Cookie the Cockatoo, the oldest living resident of the Brookfield Zoo and the only animal left of the zoo’s original collection, has retired at age 76.

Sent from Australia’s Taronga Zoo in 1934, cookie was judged to be a year old when he first saw Brookfield Zoo. Seven decades later, Cookie suffers from the usual problems of age, like human beings do, in several ways.

He has osteoarthritis and osteoporosis, and is on a calcium-rich diet. Besides taking anti-inflammatory medication, he also gets vitamin supplements. Ultraviolet lighting, for example, supplies his bones with vitamin D.

Tim Snyder, curator of birds, indicated that “Cookie’s as healthy as a 76-year-old cockatoo can be. His health is the same as you would see in an old animal, or in an older human, too.”

Curators have noticed that with his advancing age, Cookie’s getting crotchety and prefers familiar faces. Snyder also revealed that Cookie likes the female keepers more than the male ones. Apparently he still has an eye for the ladies.

“He focuses on his favorite people,” said Snyder. “Over the years, many of Cookie’s visitors have tried to get his attention by saying his name over and over.”

Visitors used to bring him little toys, and he even gets fan mail from his “groupies.”

Now that he is no longer out on weekends, where is he spending his retirement years? “He’s in the Perching Bird House, in the keeper’s office,” said Snyder.

There is some good news. Unless his health or disposition worsens, the zoo may put him back out on exhibit next year, during warmer months and for his birthday, which is celebrated by zoo staff annually on the last weekend of June.

At that time, his usual diet of chopped fruits and vegetables, parrot pellets, feed mixture, chopped leafy greens, spinach, kale and romaine lettuce (no dressing) is livened up by his birthday cupcake, baked only for him. The “candle” on top is a green bean, and he loves green beans.

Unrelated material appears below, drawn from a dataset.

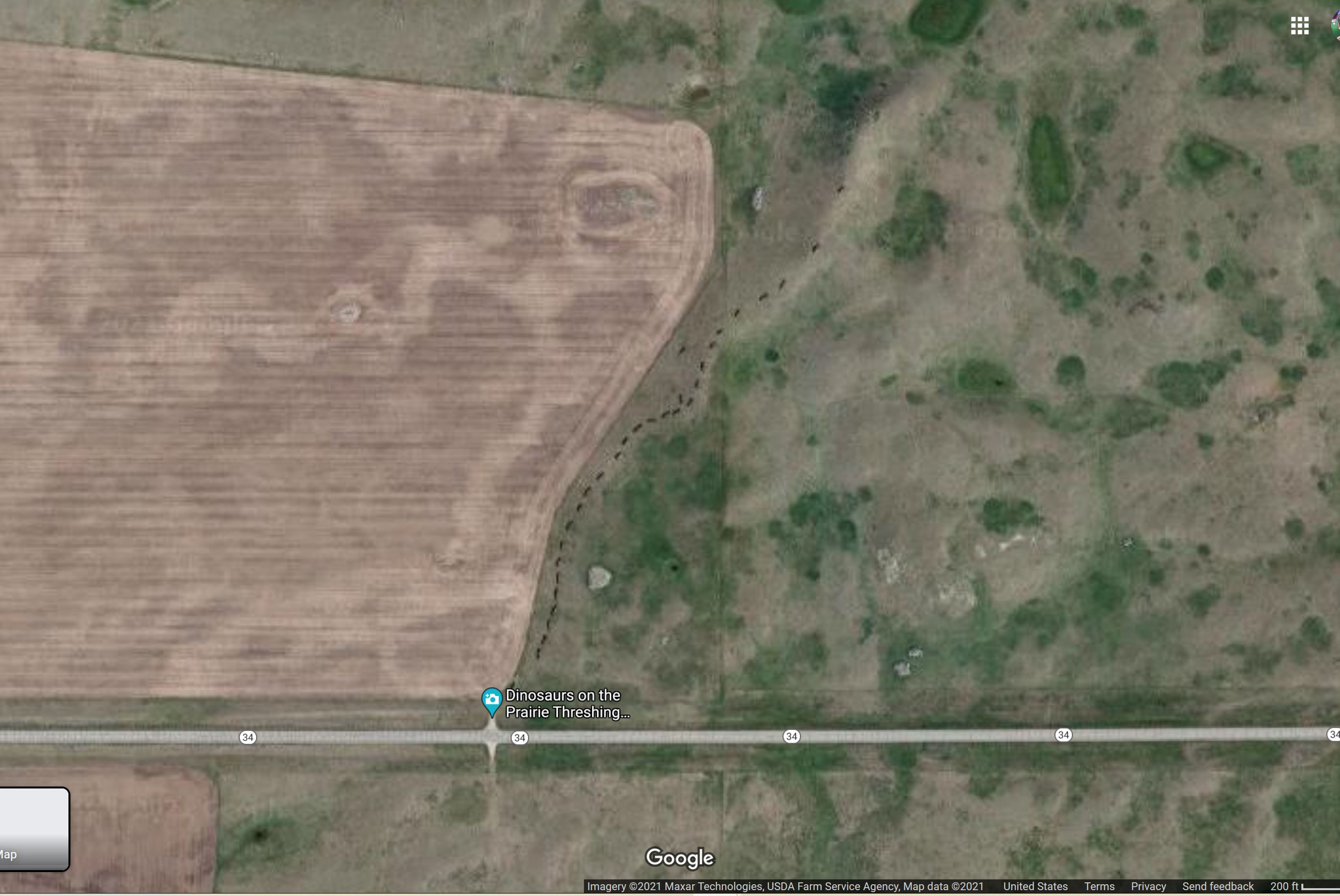 Another view from the drone shows also how little parking is available at the site. There is a field driveway that crosses the ditch next to the road, and if it’s not muddy, a car can park on the drive for the short while it takes to maybe walk to the top of the hill and view the collection. Remember, though, you are on private property so please respect the property for the owners who have left this collection for travelers to enjoy.

As for the rest of the cupcake, it is made of Cookie’s favorite foods, such as apples, carrots, raisins and bananas.

Actually, even on normal days, he has quite a wide selection of foods to choose from: peanuts, sunflower seeds and corn on the cob.

Keepers watch Cookie pretty closely. After all, he is still a member of an endangered species, protected under CITES (the Convention on International Trade in Endangered Species). In 1994, Cookie was one of only 70 Leadbeater’s (also known as the Major Mitchell) cockatoos in zoos around the world. Today he is one out of 157 in zoos worldwide.

Over the years, Cookie, the pink cockatoo with the bright eyes, has seen, literally, millions of people.

The question is, will he temporarily come out of retirement next year to warm his old bones and fluff his feathers for his human friends? Like some at the zoo say, “What Cookie Wants, Cookie Gets!”